● Directions for this task:
Copy exactly the lines from the beginning of the data down to and including the line holding "Zapiekankom zawsze mówimy", without any pictures.

● Collected data entries:
>>>>>
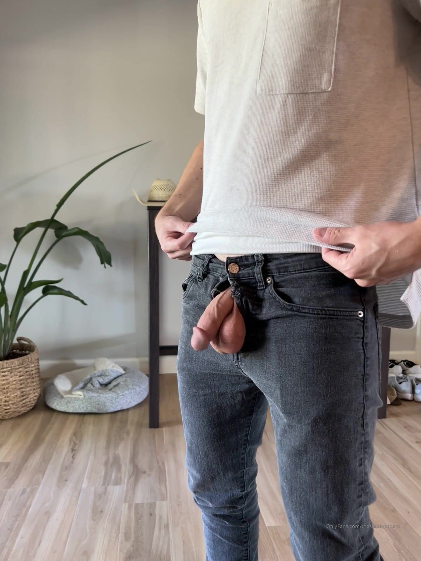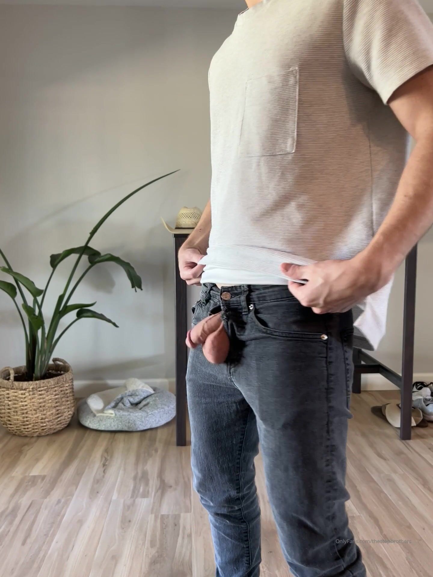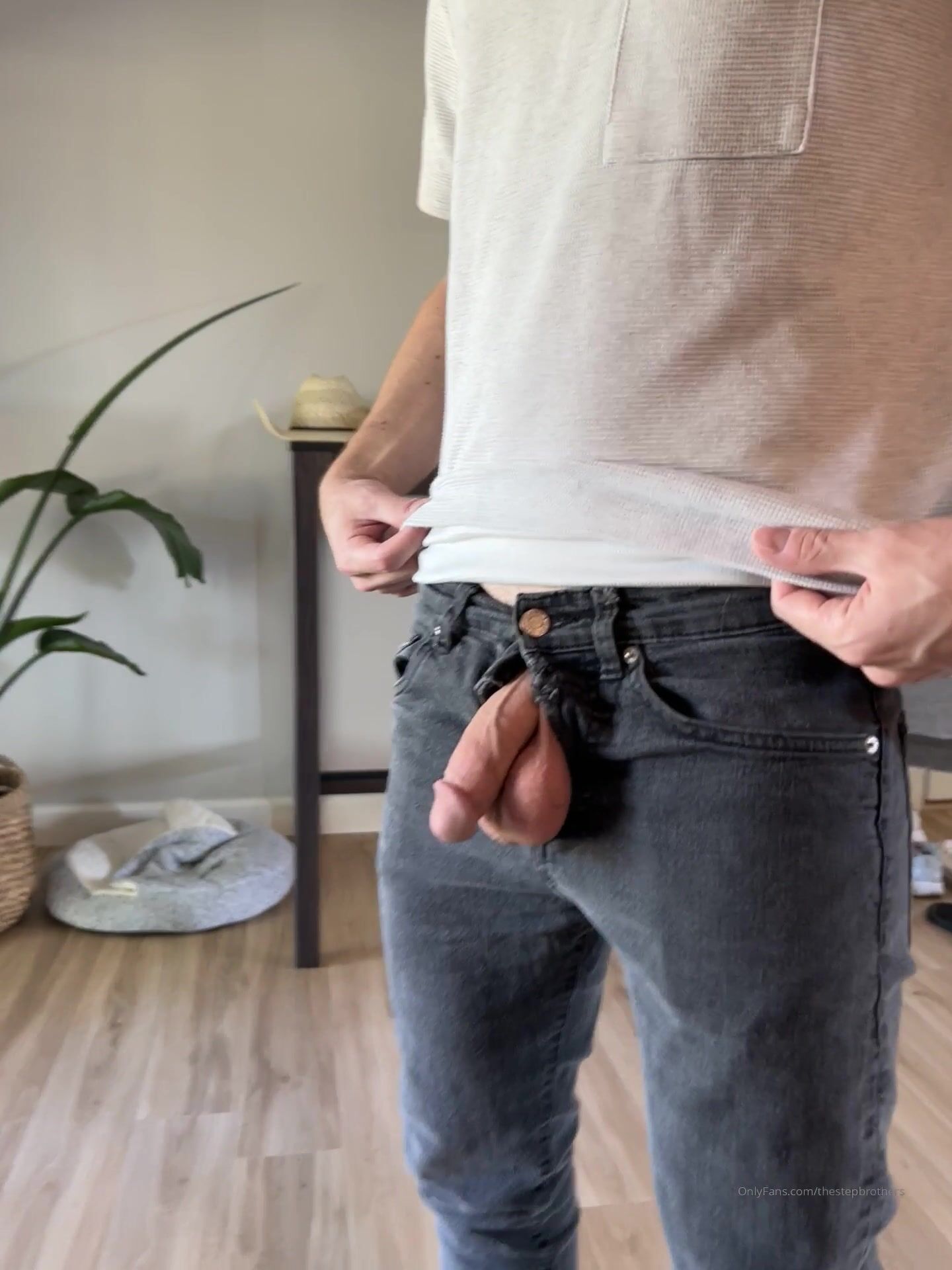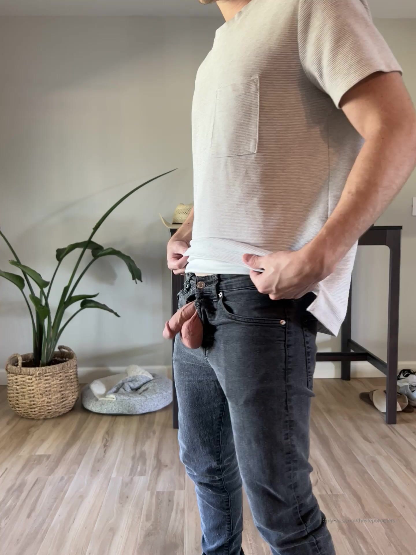 TheStepBrothers - Lil bro wiggles his cock out his jeans - 5 secs - free gay porn
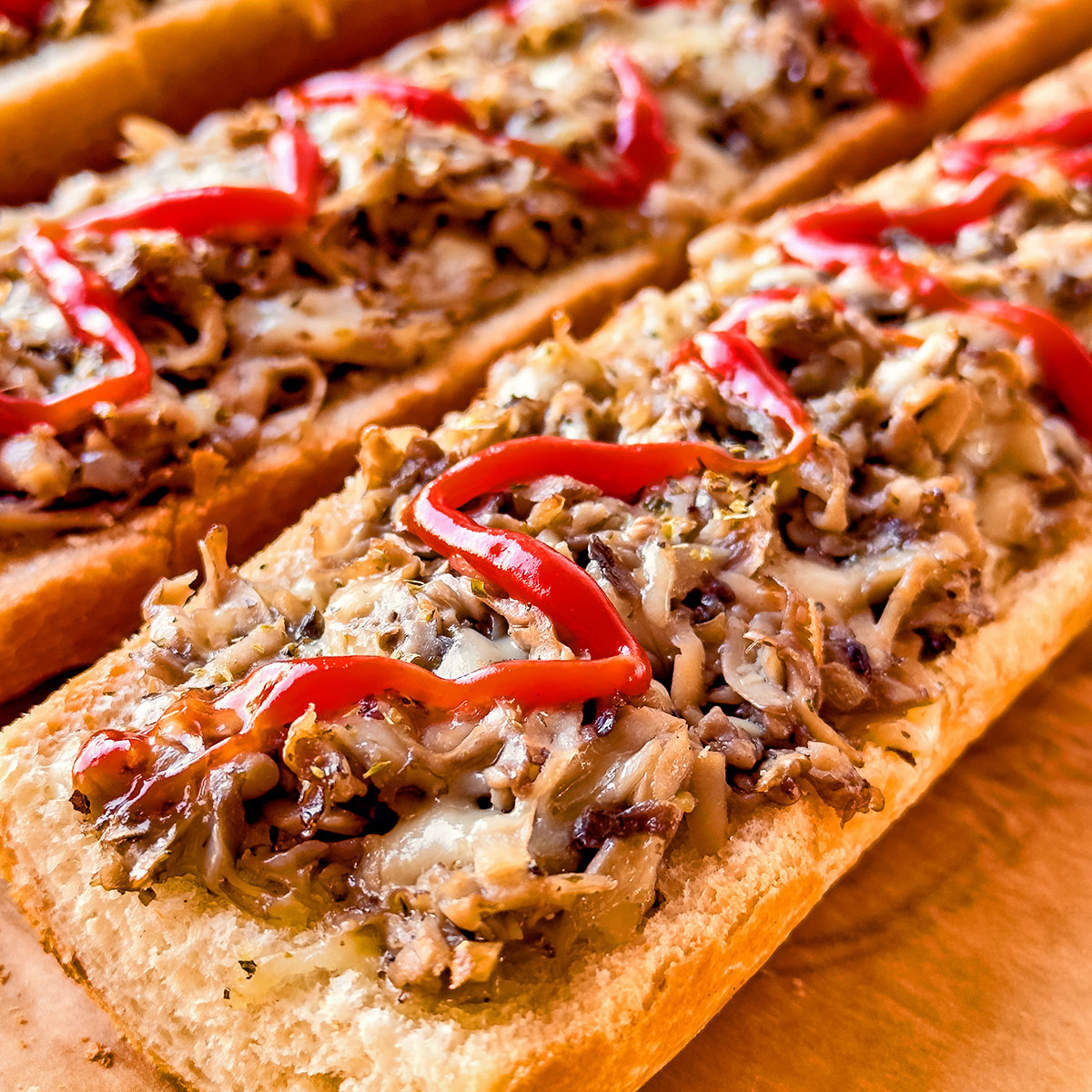 Zapiekankom zawsze mówimy TAK! Na lekkich i puszystych bagietkach, z farszem pieczarkowo-serowym z cebulką, czosnkiem i oregano. Oraz oczywiście z ketchupem.
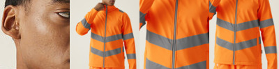 Warm-backed, woven, printable softshell fabric. Certified to EN ISO 20471:2013 A1:2016 Class 3. Orange colourway also conforms to RIS-3279-TOM. Two zipped lower pockets. Made with recycled content. Zip guard for comfort when worn. ID Reflection – angled chevrons inform whether you are facing forwards or away.
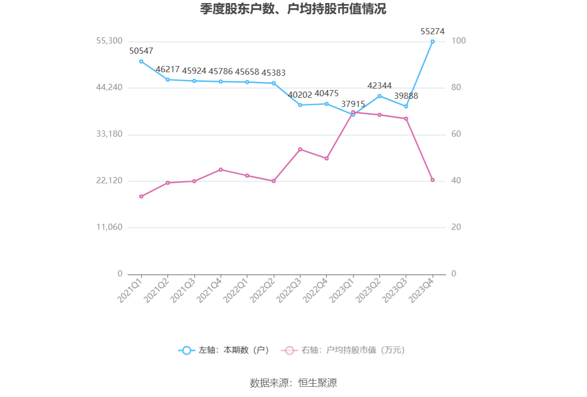 筹码集中度方面,截至2023年年末,公司股东总户数为5.53万户,较三季度末增长了1.54万户,增幅38.57%;户均持股市值由三季度末的66.86万元下降至40.56万元,降幅为39.34%。
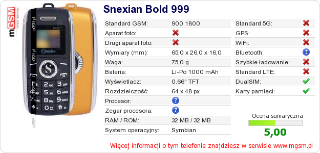 Dane telefonu Snexian Bold 999 na Twojej stronie
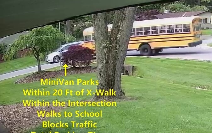 MiniVan - Parks on Darbyshire Dr, within 20 ft of the X-Walk, within the Intersection, walks over to the school, obstructs Traffic and School Bus.
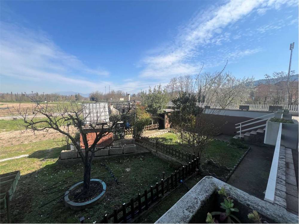 Ampio spazio esterno privato con orto, ideale per parcheggio, deposito o area verde.
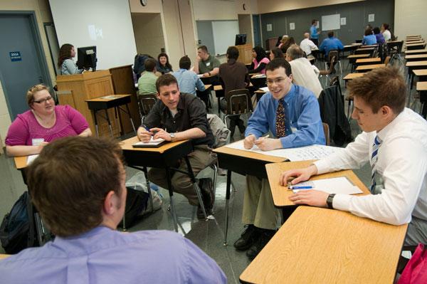 The Northeastern Pennsylvania Interprofessional Education Coalition, founded by The Commonwealth Medical College, hosted four collaborative seminars April 13 to promote teamwork and gain an understanding of various health professionals' roles in improving quality and safety in patient care. Together, students pursuing a variety of health-care professions collaborated on a case history in Penn's Inn. Sessions also were held at Marywood University, University of Scranton and Misericordia University. The students attending the Penn's Inn seminar hailed from Penn College, The Commonwealth Medical College, Lock Haven University and Wilkes University, and are studying to become nurses, paramedics, radiographers, pharmacists, physicians, occupational therapists and physician assistants, among others. The joint effort is one of the first in the country to introduce the concept of interprofessional education with students from various institutions and health-care disciplines.
<<<<<
● Written solution:
 TheStepBrothers - Lil bro wiggles his cock out his jeans - 5 secs - free gay porn
 Zapiekankom zawsze mówimy TAK! Na lekkich i puszystych bagietkach, z farszem pieczarkowo-serowym z cebulką, czosnkiem i oregano. Oraz oczywiście z ketchupem.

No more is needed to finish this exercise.